## [Exercise directions]
In the entries below, find the line containing "Amerikanska pannkakor med" and the line containing "अन्तरिम अवस्थामा राहदानी". Copy those two lines and everything between them exactly, without the pictures.

## [Information supplied]
________
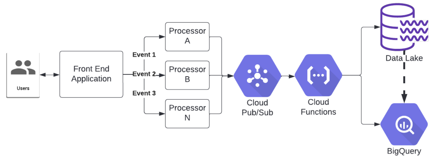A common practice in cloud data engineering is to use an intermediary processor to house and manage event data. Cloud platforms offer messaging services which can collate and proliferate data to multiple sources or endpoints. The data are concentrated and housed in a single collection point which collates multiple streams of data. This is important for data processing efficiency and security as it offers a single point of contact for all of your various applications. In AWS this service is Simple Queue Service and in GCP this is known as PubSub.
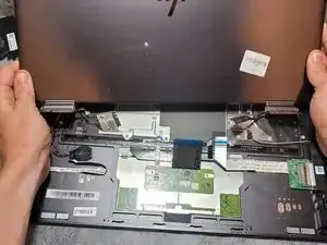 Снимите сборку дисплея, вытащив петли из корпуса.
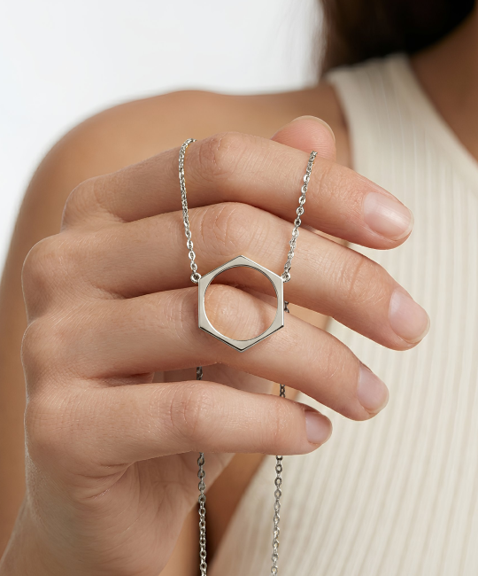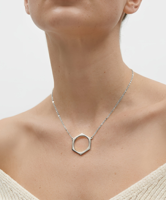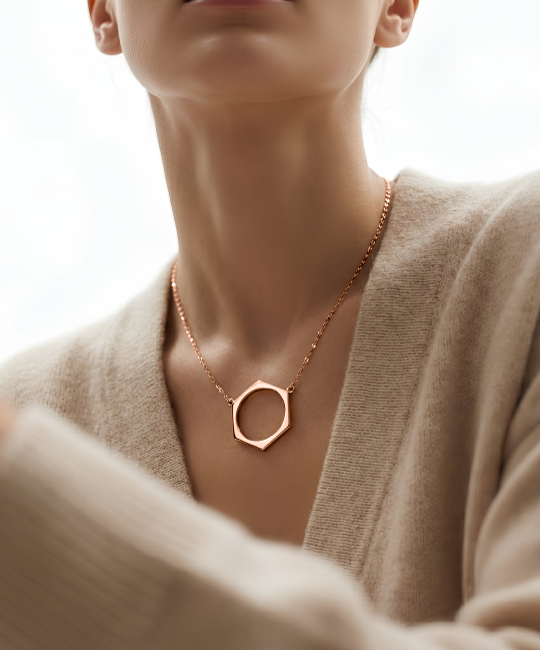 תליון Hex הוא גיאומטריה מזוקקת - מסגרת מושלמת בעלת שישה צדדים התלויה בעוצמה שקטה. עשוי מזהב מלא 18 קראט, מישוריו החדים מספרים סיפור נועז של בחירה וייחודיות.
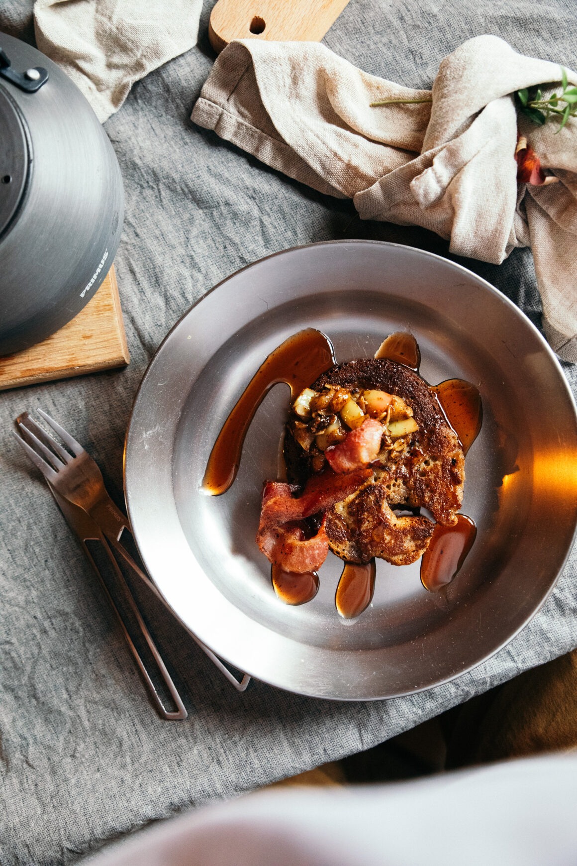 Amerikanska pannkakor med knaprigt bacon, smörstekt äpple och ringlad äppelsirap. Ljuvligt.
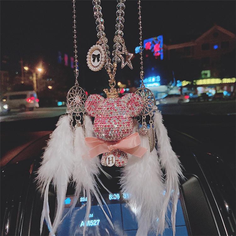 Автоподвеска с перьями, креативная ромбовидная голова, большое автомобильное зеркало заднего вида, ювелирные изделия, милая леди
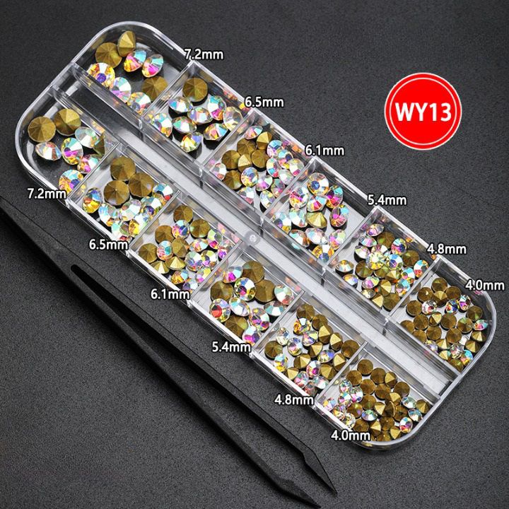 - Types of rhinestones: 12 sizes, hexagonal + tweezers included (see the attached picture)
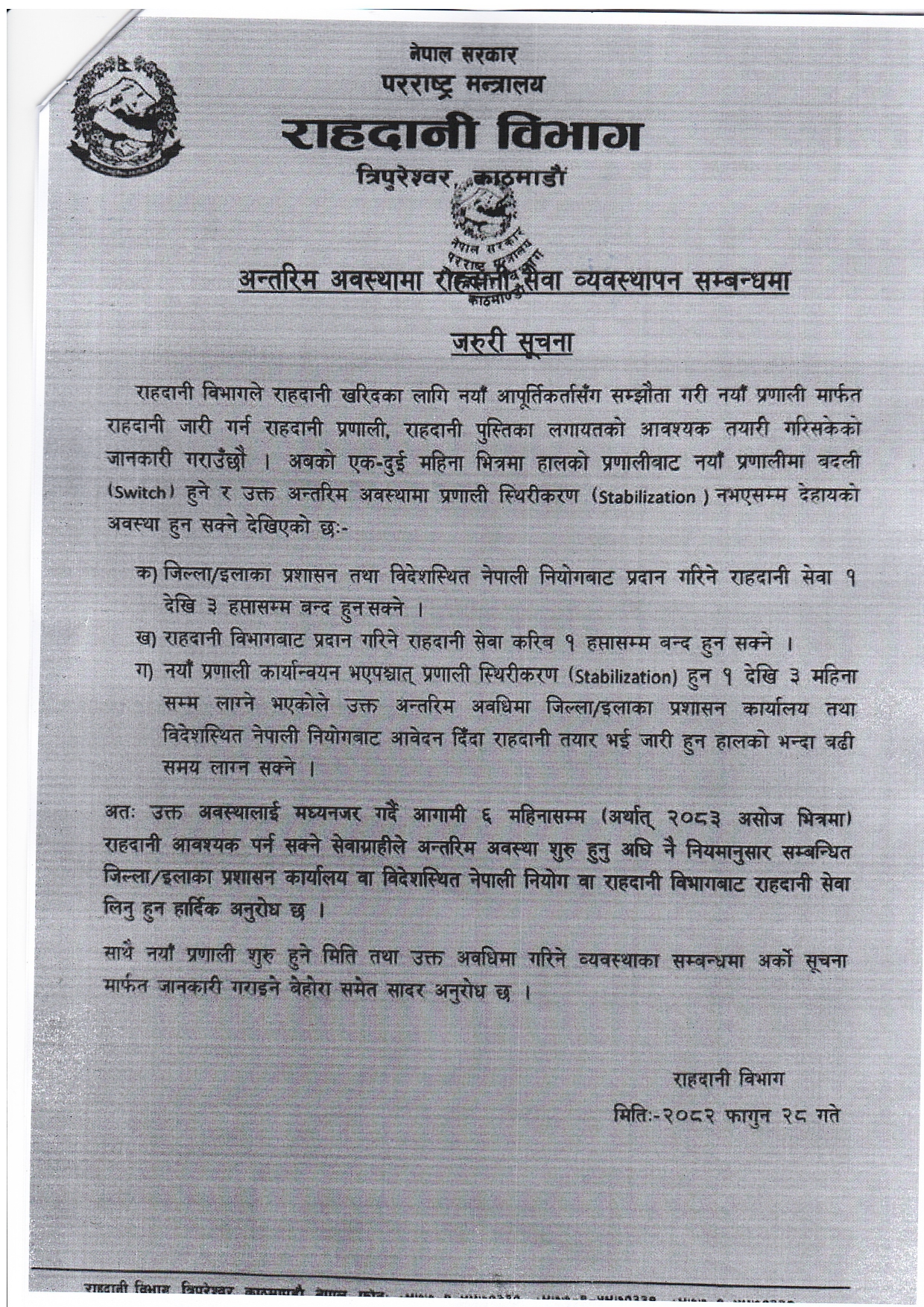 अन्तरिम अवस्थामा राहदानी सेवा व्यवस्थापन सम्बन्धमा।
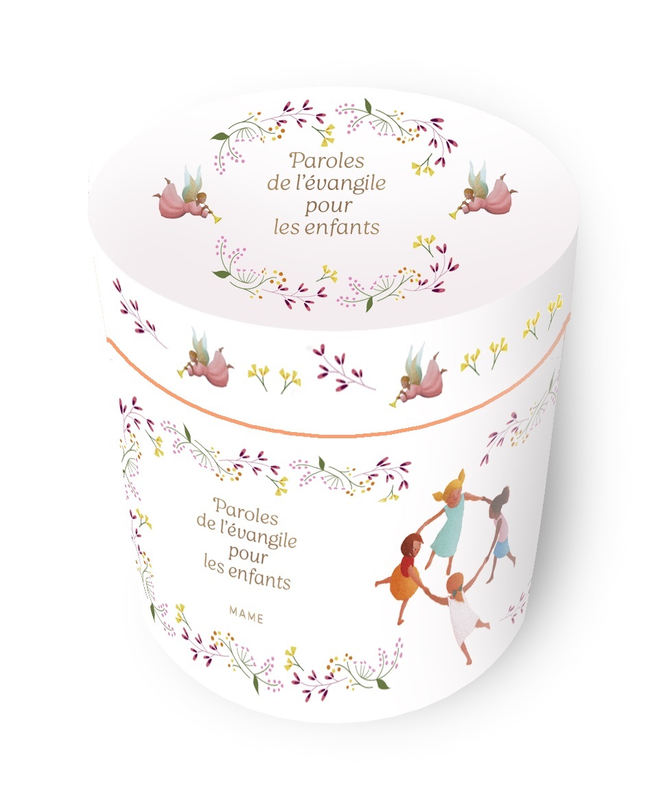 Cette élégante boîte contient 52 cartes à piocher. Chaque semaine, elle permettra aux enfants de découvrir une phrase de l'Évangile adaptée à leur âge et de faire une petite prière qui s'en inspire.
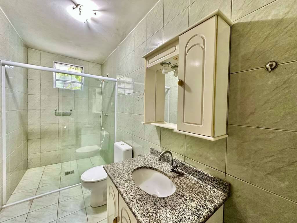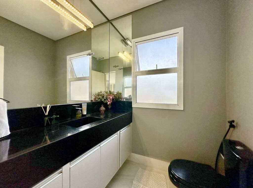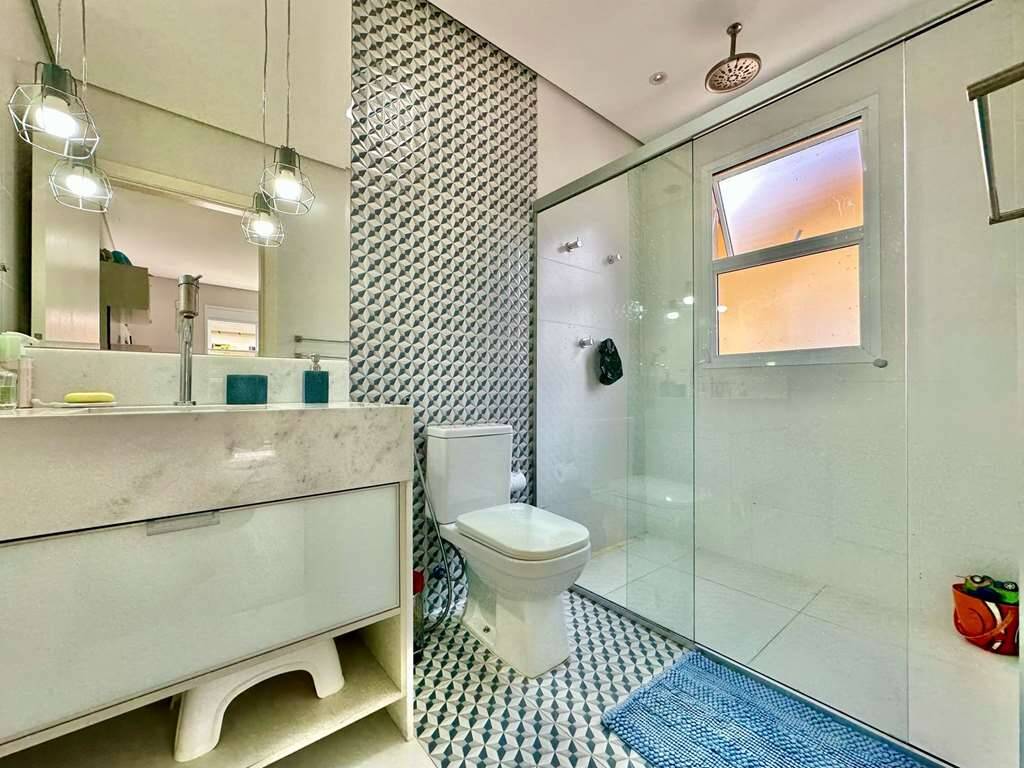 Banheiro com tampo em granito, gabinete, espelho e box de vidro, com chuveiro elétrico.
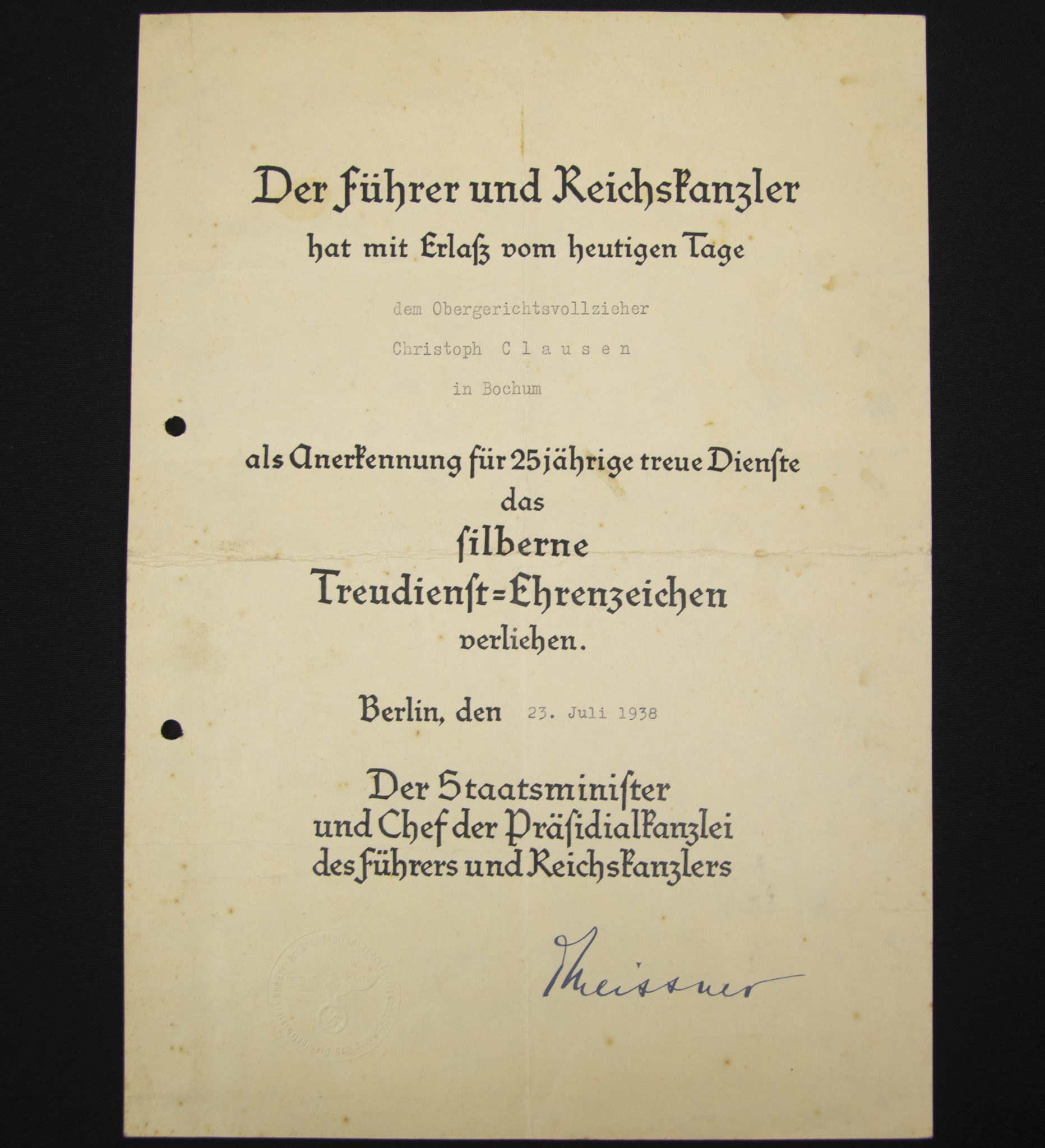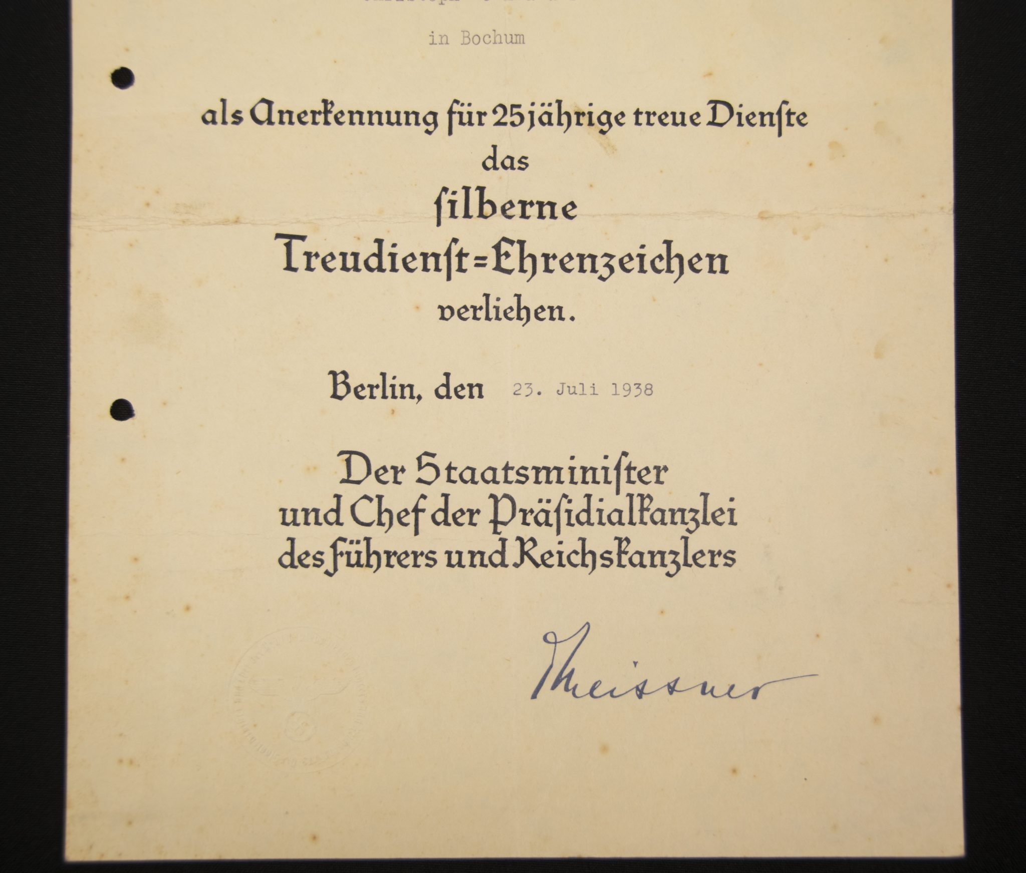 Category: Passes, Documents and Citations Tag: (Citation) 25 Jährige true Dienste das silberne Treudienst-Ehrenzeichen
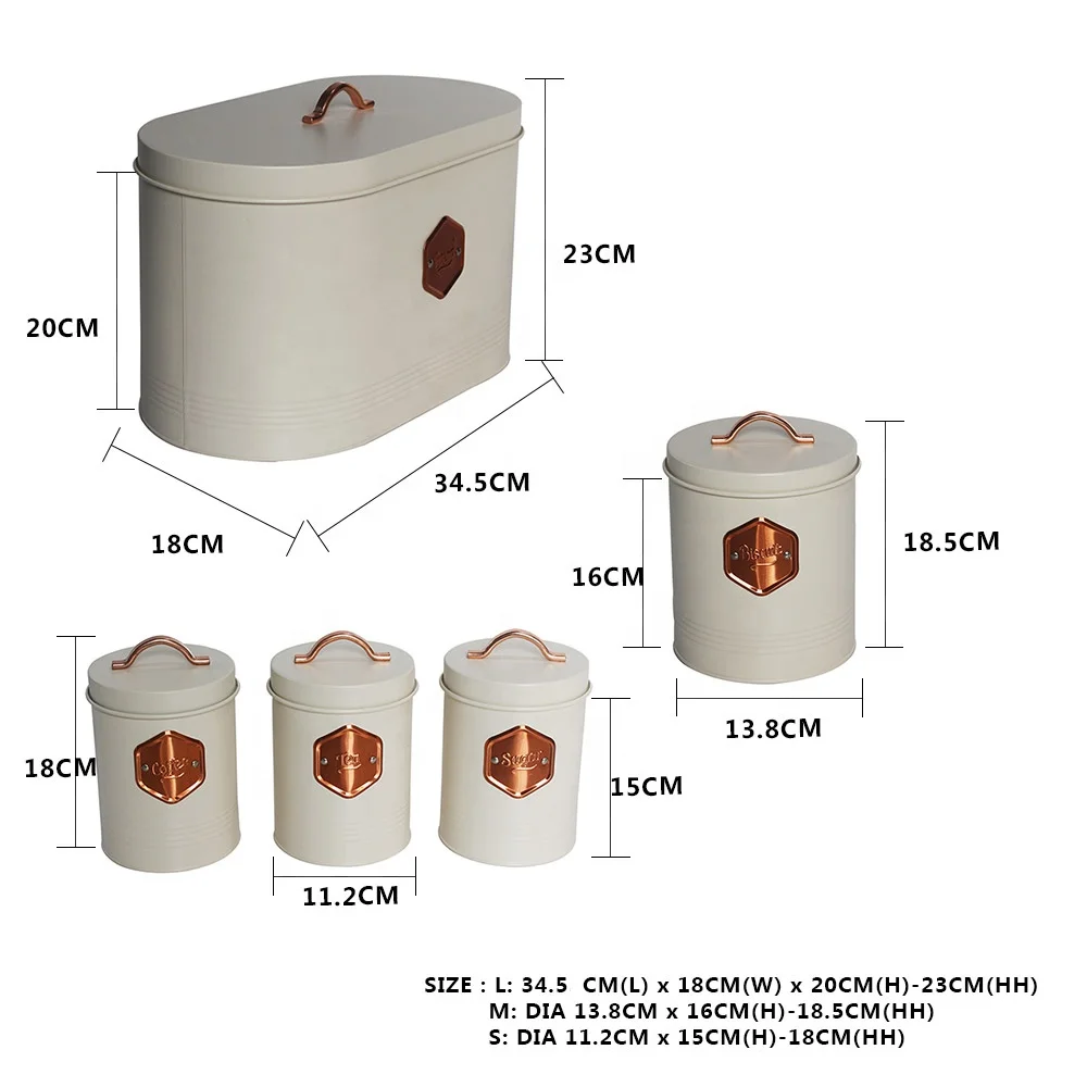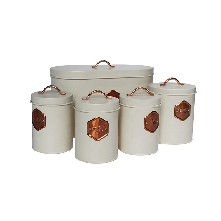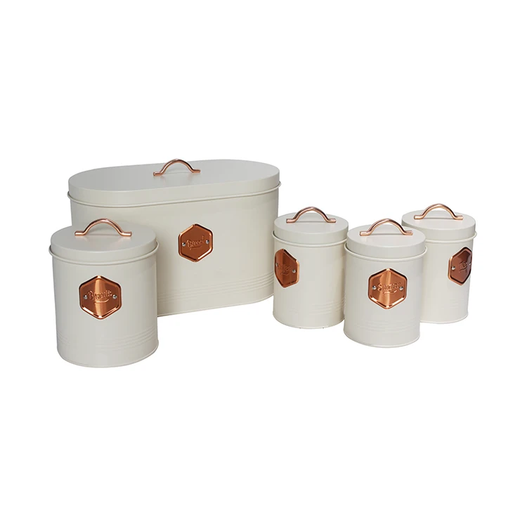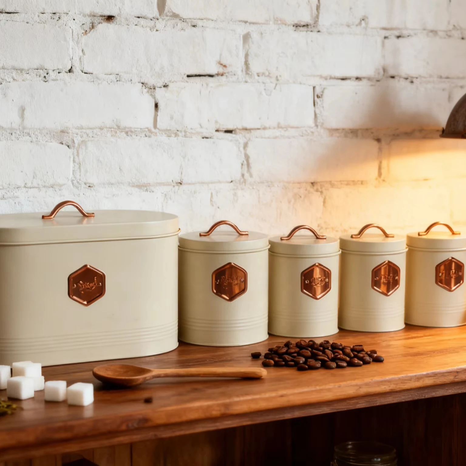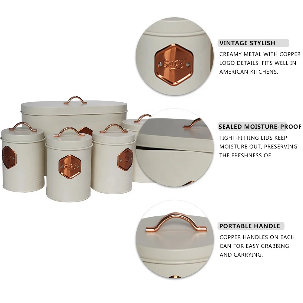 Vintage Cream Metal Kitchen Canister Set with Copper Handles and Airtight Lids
________
## [Result of this exercise]
 Amerikanska pannkakor med knaprigt bacon, smörstekt äpple och ringlad äppelsirap. Ljuvligt.
 Автоподвеска с перьями, креативная ромбовидная голова, большое автомобильное зеркало заднего вида, ювелирные изделия, милая леди
 - Types of rhinestones: 12 sizes, hexagonal + tweezers included (see the attached picture)
 अन्तरिम अवस्थामा राहदानी सेवा व्यवस्थापन सम्बन्धमा।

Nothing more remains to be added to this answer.